I love these kits, anyone in the UK have one ?


----------



## matty32 (Dec 18, 2005)

We supply them in japan

Can ship to the UK cheaply


----------



## LiamGTR (Nov 26, 2006)

Those arches make it look very old skool skyline


----------



## BAZGTR530 (May 19, 2011)

matty32 said:


> We supply them in japan
> 
> Can ship to the UK cheaply


Cheaply  Whats the cost £'s Please


----------



## BAZGTR530 (May 19, 2011)

Can you offer both Liberty Walk and Rocket Bunny?


----------



## BAZGTR530 (May 19, 2011)

matty32 said:


> We supply them in japan
> 
> Can ship to the UK cheaply


 I like this one ?


----------



## BAZGTR530 (May 19, 2011)

Rocket Bunny ?


----------



## matty32 (Dec 18, 2005)

sure, il price up for you today


----------



## grahamc (Oct 1, 2006)

If its just for the fender bolt on bits, please include me in the price PM


----------



## matty32 (Dec 18, 2005)

Full kit or parts can be obtained


----------



## EAndy (Dec 13, 2011)

Full kit is around £10k isn't it? tempting to buy one, make miner changes and create a mould to sell on for 1/3rd the price :chuckle:

Can you fire me a PM for the price of the LB kit (full) if you don't want to place price on forum.

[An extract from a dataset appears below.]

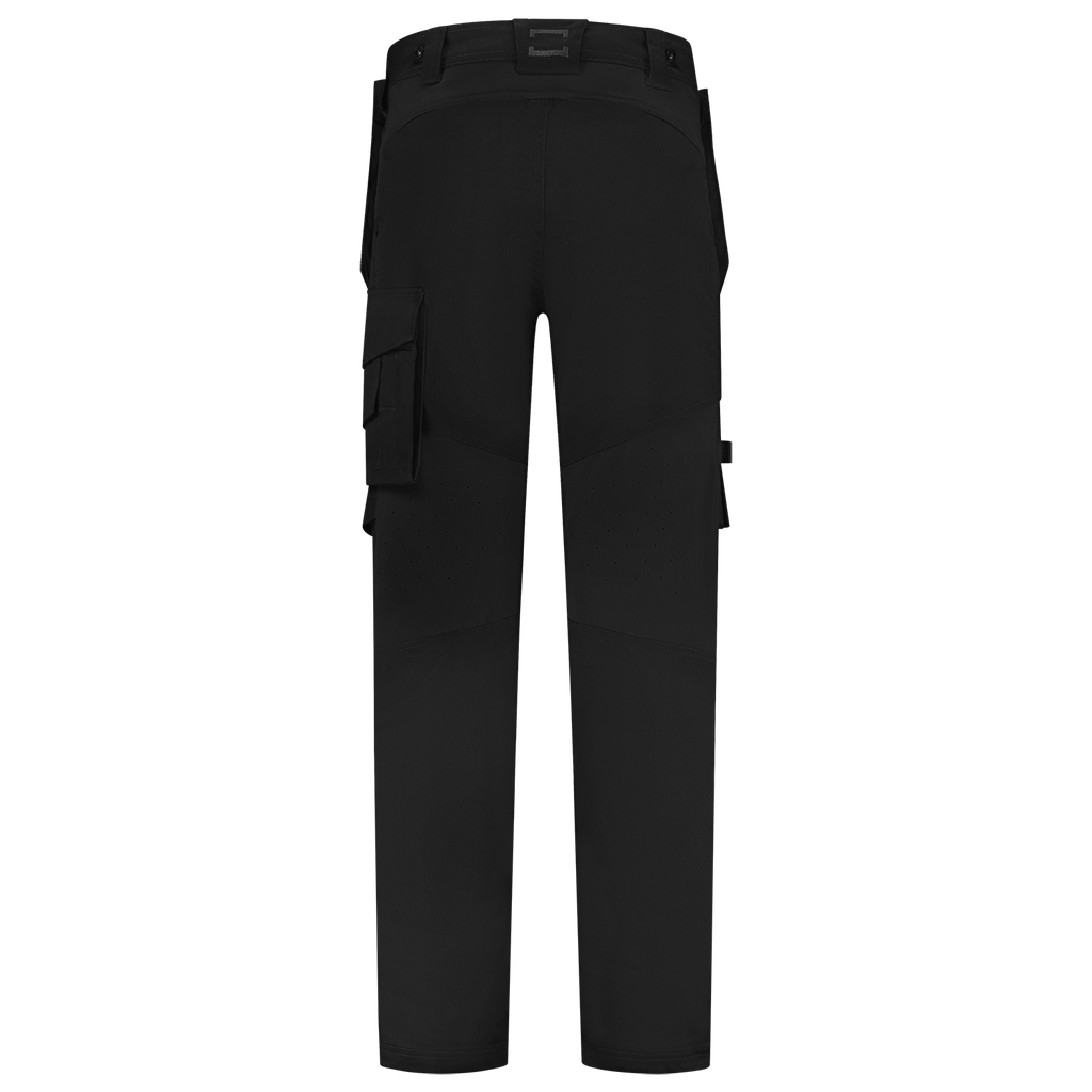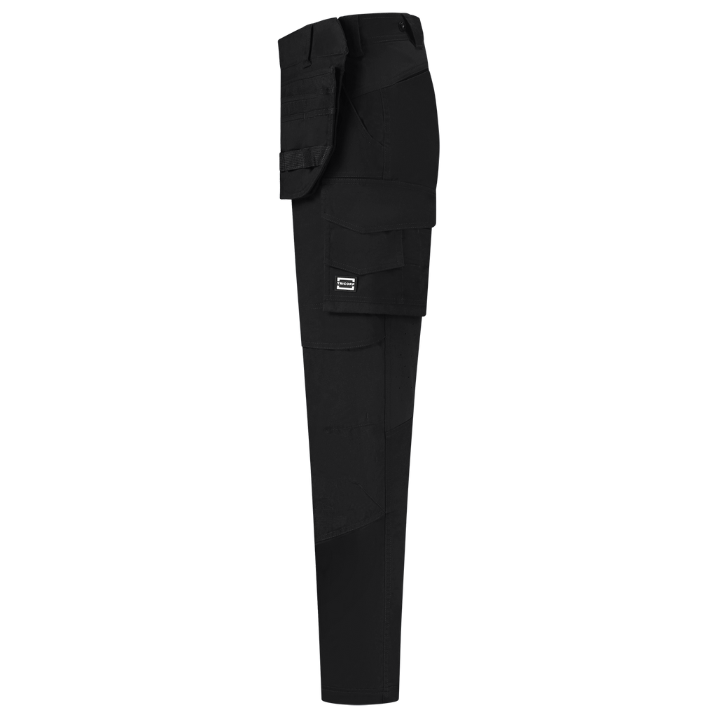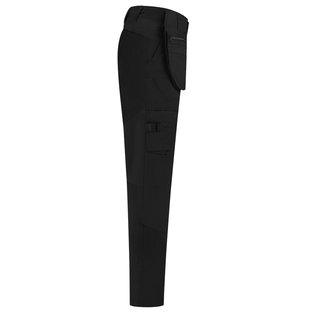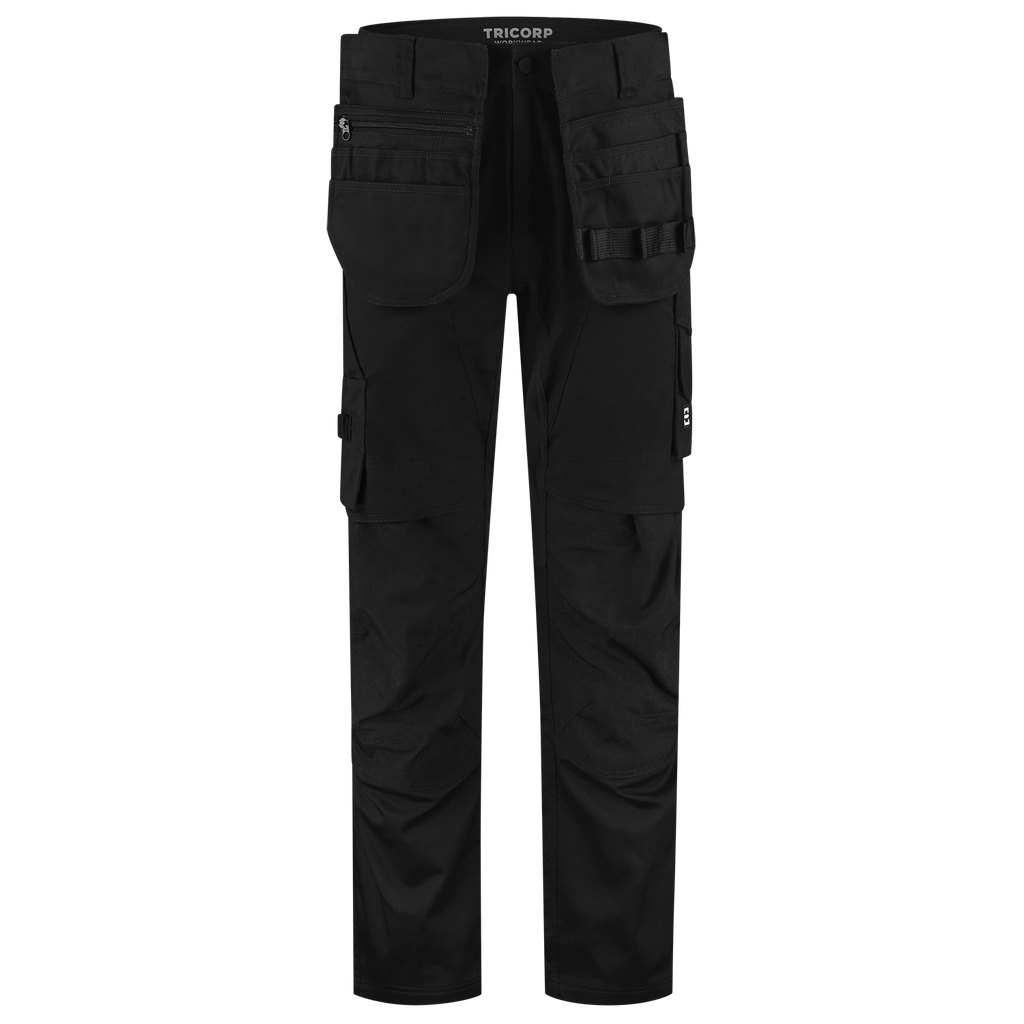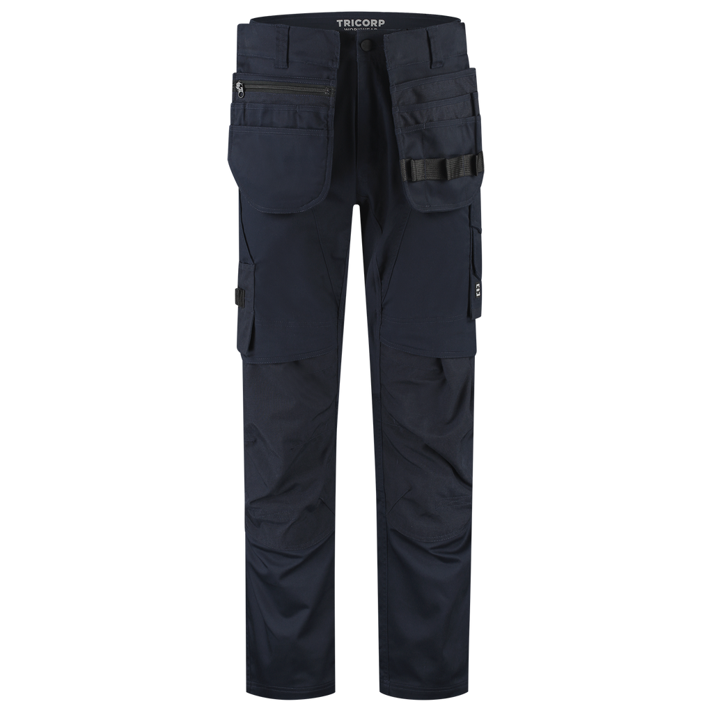 The Functional Stretch Redefined Tool Pockets Work Pants from Tricorp is for professionals who demand maximum freedom of movement and wear resistance. Made from a sturdy yet flexible material blend of 58% recycled polyester, 40% organic cotton and 2% elastane, with a fabric weight of 250 g/m2, these pants not only offer a sustainable choice, but also maximum freedom of movement. Thanks to strategically placed 4-way stretch panels of 90% polyamide and 10% elastane in the crotch and back of the knees, these work pants move smoothly with you. The raised back panel is also supported with 4-way stretch panels, so the pants always fit perfectly. The combination of 2-way stretch twill and ventilating zones in the back of the knees ensures optimal comfort during physically demanding work. Thanks to smart details such as a ruler pocket, smartphone pocket with flap, detachable D-ring, belt loops, thigh pocket with volume pleat and Cordura® reinforcements in wear-prone areas, these work trousers are made for action. The improved fit, choice of three lengths and sturdy zipper ensure that you are always ready for your job. The wear-resistant Cordura® knee pockets, which are also adjustable in height, are also ideal for anyone who regularly works on their knees. In addition, the detachable and adjustable tool pockets with smart pocket layout are perfect for storing tools, screws or your smartphone. One of the tool pockets can even be closed with a zipper, so your valuables stay safely stored. The tool pockets can be attached to both the front and the side of the pants, depending on your preference and work. The Work Pants Functional Stretch Redefined Tool Pockets are certified according to GRS, OCS and OEKO-TEX® Standard 100 and therefore offer both wearing comfort and responsible product properties. The model is available in sizes 42-66 and available in the colors Black and Ink. The pants can be combined with other items from the Redefined line for a complete, professional and durable work outfit.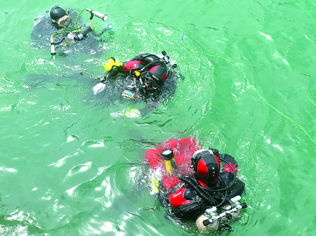 图3:考古潜水员跳入小白礁Ⅰ号沉船海域。(周建平 摄)

Ordered some HKS bits from you in the past so least I know your a decent supplier


----------



## matty32 (Dec 18, 2005)

kit is 10k

sure just pm me on what bits you want and il work out a price


----------



## Edwardjbutcher (Jul 8, 2015)

Hi,

Can you get hold of the front and rear arches of the Liberty walk? Looking for some for the R34, or close to customise


----------



## matty32 (Dec 18, 2005)

hi if you contact us via neweraparts.com

we can help.


----------



## TABZ (Apr 30, 2003)

Looking on FB earlier it would seem Kream Developments are now a UK registered supplier and as luck would have it, they are looking for a few customers to help promote the occasion with special rates for supplying g and fitting the kit in house,


----------



## Samopangy (Nov 20, 2014)

grahamc said:


> If its just for the fender bolt on bits, please include me in the price PM


No, you will have to cut the rear panels and front as well, this is the never go back job.:wavey:

Samo


----------